Given how many people compared the contemporary feel of The Amazing Spider-Man favorably to Sam Raimi's slightly retro, ever-so-slightly campy vision, it's surprising how oldschool Amazing 2 feels for a superhero movie, how I reach for comparisons to movies 20 years old or more instead of recent stuff like the Marvel Studios productions or Christopher Nolan's Batman films. Amazing 2 has problems of pacing similar to Tim Burton's Batman films, while both Webb films aim more for pathos than other current superhero movies, which also makes them reminiscent of Burton.Webb isn't the kind of cinematic visionary Burton is at his best, however, and there are points in the action this time where the effects seem little improved, if at all, from what Raimi's team was doing a decade ago. The final fight with Electro seemed particularly weak, even compared to the earlier Times Square rumble, but the filmmakers probably undermined themselves by turning Max into an essentially incorporeal energy being -- and in their minds that may have excused any sloppiness in the CGI. At other times the effects are quite nice; I'm impressed by the dedication to detail that shows the fabric of Peter's homemade Spidey costume bunching up realistically as he goes through his contortions. While the effects are hit or miss, Webb and his writers hit the emotional notes they aim for more often than not to make up even for the raspberry-false note of the very last scene, which has a moment of almost unimaginable corniness for 2014. While this film arguably just gets by, it doesn't exactly inspire confidence in the next sequel or the spinoffs that already have been announced.
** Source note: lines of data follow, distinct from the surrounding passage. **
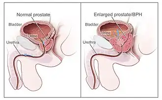 A próstata é um órgão do sistema reprodutor masculino que ajuda a produzir e armazenar o fluido seminal. Em homens adultos, a próstata normal mede cerca de 3 centímetros de comprimento e pesa em torno de vinte gramas.[7] Ela está localizada na pelve, abaixo da bexiga urinária e na frente do reto. A próstata envolve parte da uretra, o duto que carrega a urina da bexiga durante a micção e carrega o sêmen durante a ejaculação.[8] Devido a sua localização, as doenças da próstata geralmente afetam o controle urinário, a ejaculação e raramente a defecação. A próstata contém pequenas glândulas que produzem cerca de vinte por cento do fluido que constitui o sêmen.[9] No câncer de próstata, estas células sofrem mutações e se transformam em células cancerosas. As glândulas da próstata necessitam de hormônios masculinos, conhecidos como andrógenos, para funcionar corretamente. Os andrógenos incluem a testosterona, que é produzida nos testículos, a desidroepiandrosterona, produzida nas supra-renais e a Di-hidrotestosterona, que é convertida a partir da testosterona no interior da próstata. Os andrógenos também são responsáveis pelas características sexuais secundárias dos homens, como os pêlos da face e aumento da massa muscular.
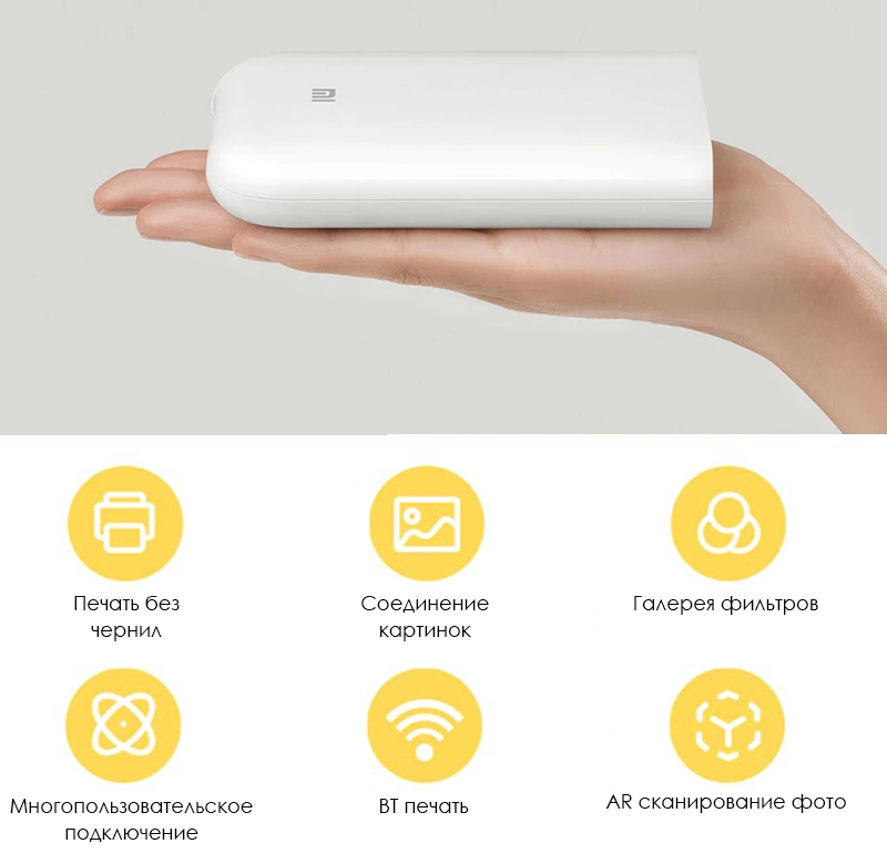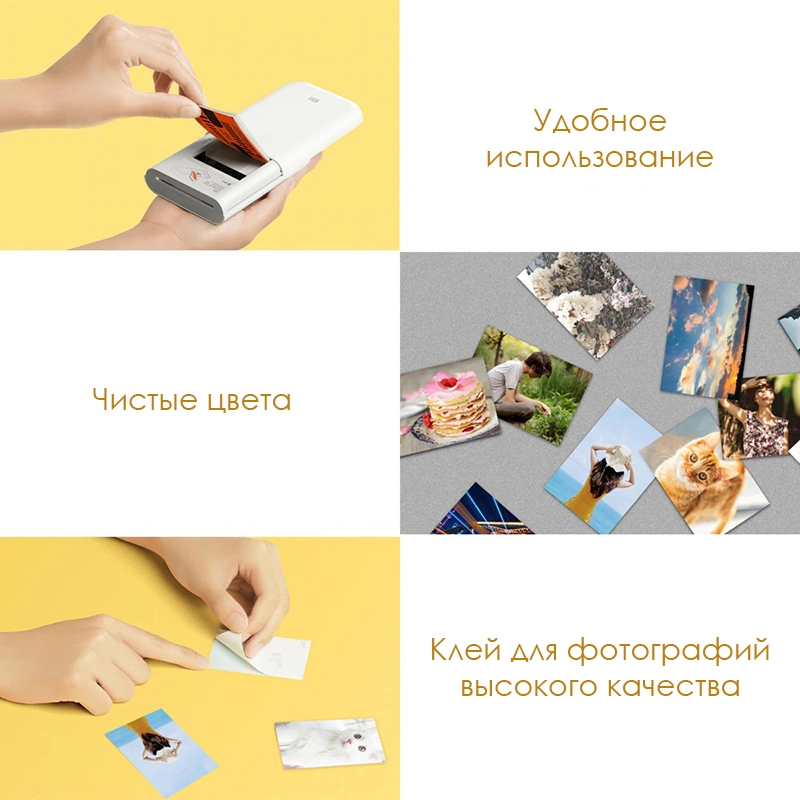 Xiaomi Mijia AR ZINK (XMKDDYJHT01) — карманный принтер, который всегда с вами. Работает по технологии полноцветной термальной печати. Печатайте небольшие карточки и собирайте большие фотографии, как пазлы.
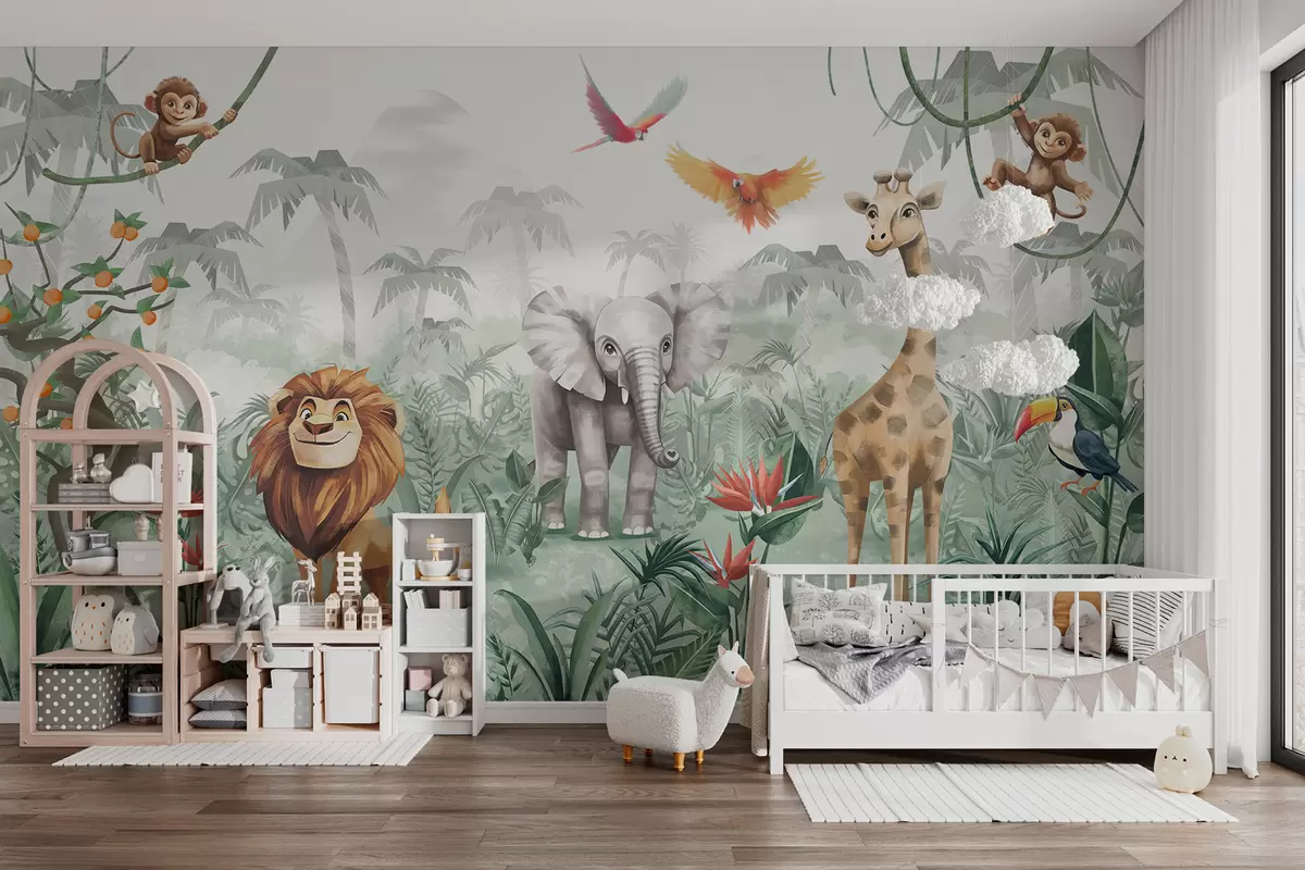 Papier peint Motif de jungle pour enfants avec lion, girafe, éléphant et perroquets N° w02440
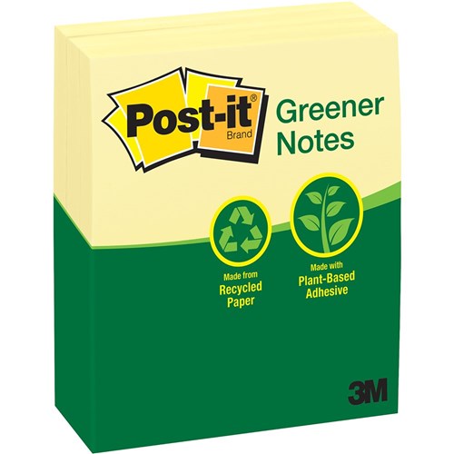 Post-it® Greener Notes in 76mm x 127mm size are made from 100% recycled paper and a plant-based adhesive - which means no new trees were used. The plant material used to make the adhesive was replenished after harvesting.
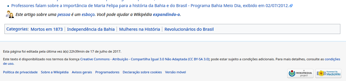 Se não estiver completo, coloque o aviso de Esboço
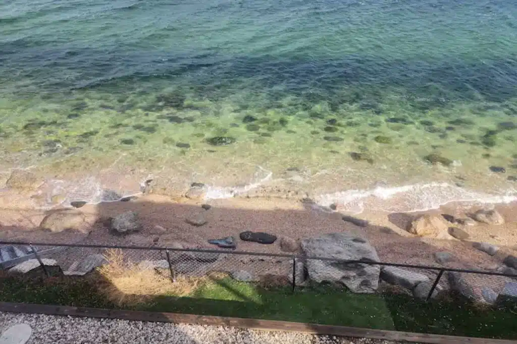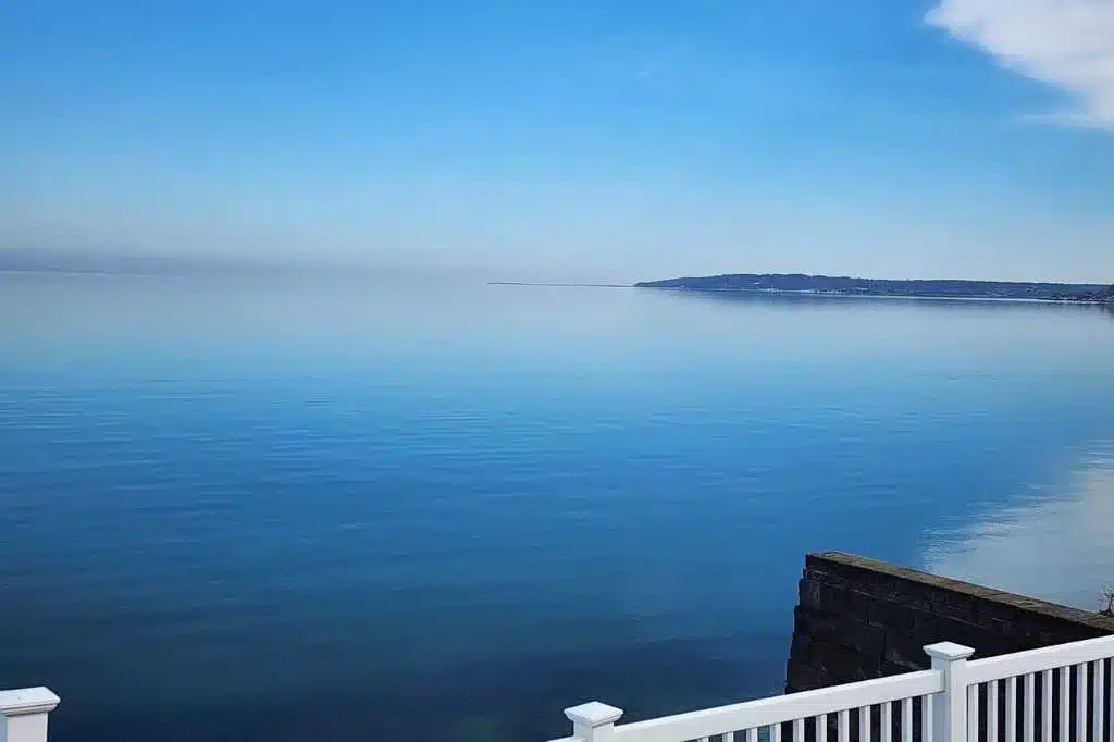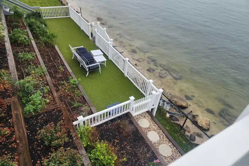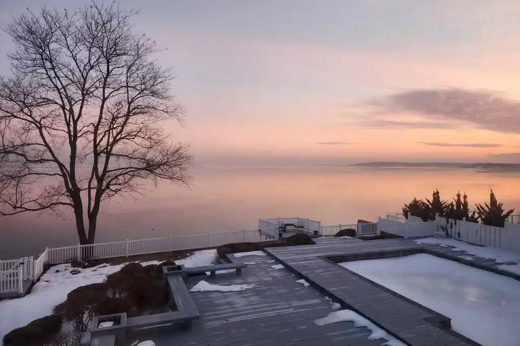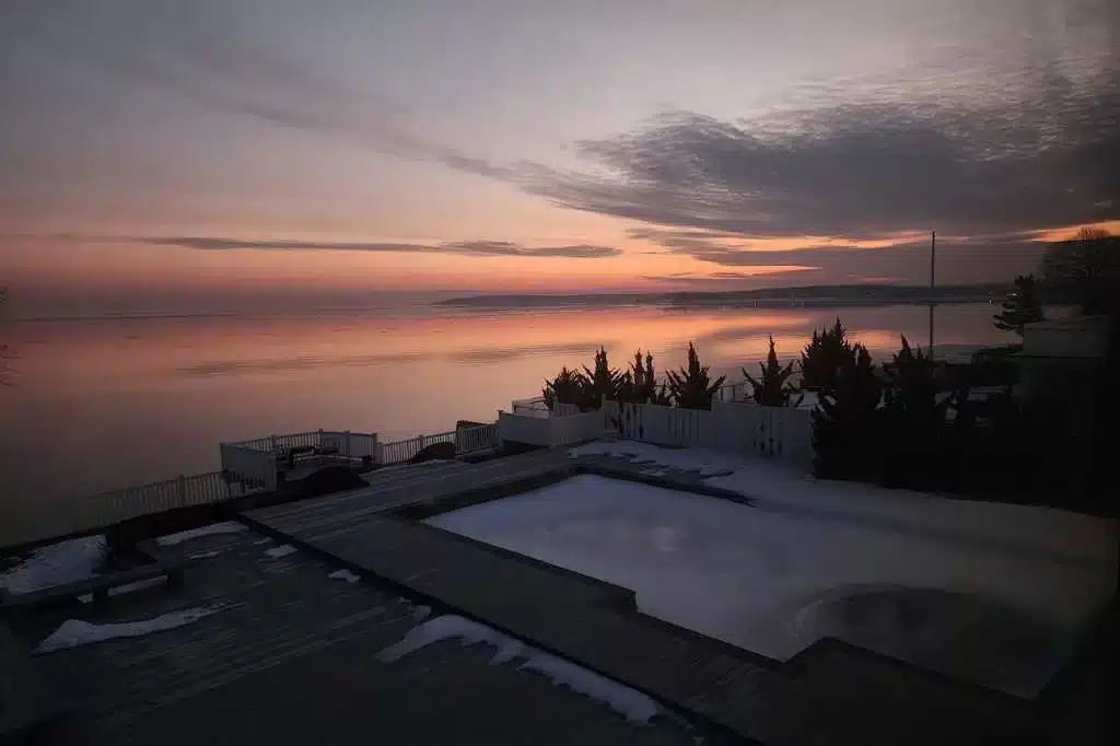 Outside, a wide wooden deck surrounds a pristine pool positioned at the edge of the property, creating the illusion that the water drops straight into the Sound. An additional overlook deck extends toward the shoreline, offering one of the most dramatic vantage points on the property—perfect for filming sunset dinners or waterfront scenes. A private path provides direct access to the beach.

To suggest that Paul Giamatti is part of this franchise's future isn't necessarily Webb's best move. Instead, it might be said, as many did after The Dark Knight, that the director has said all he needs to, or can, about the character in two movies. Things never end that simply, however, when there might be billions at stake. Billions in money, that is; that's what makes Spider-Man a hero to Sony, after all.
1 comment:
I've said that they wasted CGI money on Rhino. Are you implying, Sammy, that they also wasted it on Electro?
4 writers were credited as having a hand in crafting the story, which to me is, in fact, two too many, two of the scribes also being executive producers, probably friends of Webb's.
It is the idiocy of some of these Hollywood types that makes it difficult for fans to actually gain a gauge on films like this. The geeks that expect a favorable, faithful treatment are oft disappointed, discouraged, and, like Max, angered.
Harry is presented as being spoiled and arrogant. In the books, he was having trouble gaining acceptance from his pop, but went to HS with Peter, Gwen, MJ, et al, not to a boarding school. Look at my review and see if you don't agree with the Jekyll/Hyde reference.